As November draws closer and closer, it’s almost time for the presidential election. Here at The Salon Professional Academy (TSPA), San Jose, we encourage all our students to vote. Whether you do that by going to the polls while staying safe or through the mail, your opinion makes a huge difference! With the majority of our students being female and now with the passing of women’s rights advocate, Ruth Bader Ginsburg, we wanted to especially motivate the women in our community to have their voices heard.
Read our blog to learn more about the history of women voting and why it’s so important to hear from this group of people!
California’s Suffragette Movement
In California, suffragists were organized and fighting for voting rights as early as 1848 when the movement for women’s voting rights began nationwide. From talking to people on the street to advertising their mission on billboards throughout the state, these advocates spent years fighting for this cause. All their hard work finally paid off! After a narrow election in 1911, women were given the right to vote in California and San Francisco became the most populous city in the world where that was possible. This accomplishment in the Golden State paved the way for other states to keep fighting and eventually led to the passing of the 19th amendment.
The 19th Amendment
Just last year, the United States celebrated its centennial anniversary of the 19th amendment. As many people know, this amendment passed in 1919 said that every state could not deny someone the right to vote based on their sex. Of course, this milestone didn’t happen overnight. What’s now known as the 19th amendment was originally proposed to Congress in 1878. But it wasn’t until the influence of the women’s suffrage movement, like the one in California, that this was able to become possible. The 1920 election was the first one that granted women from every state the opportunity to vote!
Voting Rights for All
While the 19th amendment was a step in the right direction, the work for giving voting rights to all women was far from done. Women of color were often barred from voting at polls that were only allowed for white men and women. The fight to extend the same rights white women were granted continued up until 1965 with the Voting Rights Act. This act finally prohibited racial discrimination and granted everyone their civic right.

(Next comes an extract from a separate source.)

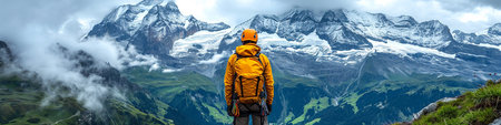 Hiker with a backpack on the top of a mountain in Switzerland

Why Should Women Vote Today
In today’s world, it can be easy to forget that there was a time where groups of people weren’t allowed to vote in America. That’s why we think it’s so important to learn about voting history and remember that you’ve been given the chance to make a real difference many others had to fight for. Plus, you’re voting for people who affect your daily life. Everyone wants to have people represent them who you believe can make a positive impact.
How to Prepare to Vote
We know that voting can seem overwhelming, especially if it’s your first time. If you’re feeling hesitant to vote because you’re not sure if you’ve prepared properly, don’t worry! We’ve made a list of easy things that’ll help you get ready for November:
- Research the candidates for both state and national elections.
- Find out more about the political parties.
- Review California’s rules and regulations.
- Register to vote. If you don’t know how to do this, we cover it all in our blog.
- Look up the nearest polling station if you’re not voting by mail.
- Remember to fill out your ballot through the mail or at the polls!
Get Out There and Vote
The United States benefits when the voices of everyone are heard and listened to! That’s why we hope all our students will contribute their informed opinions to this election. If you have any more questions about how to prepare, reach out to your local county officials and they’d be happy to help.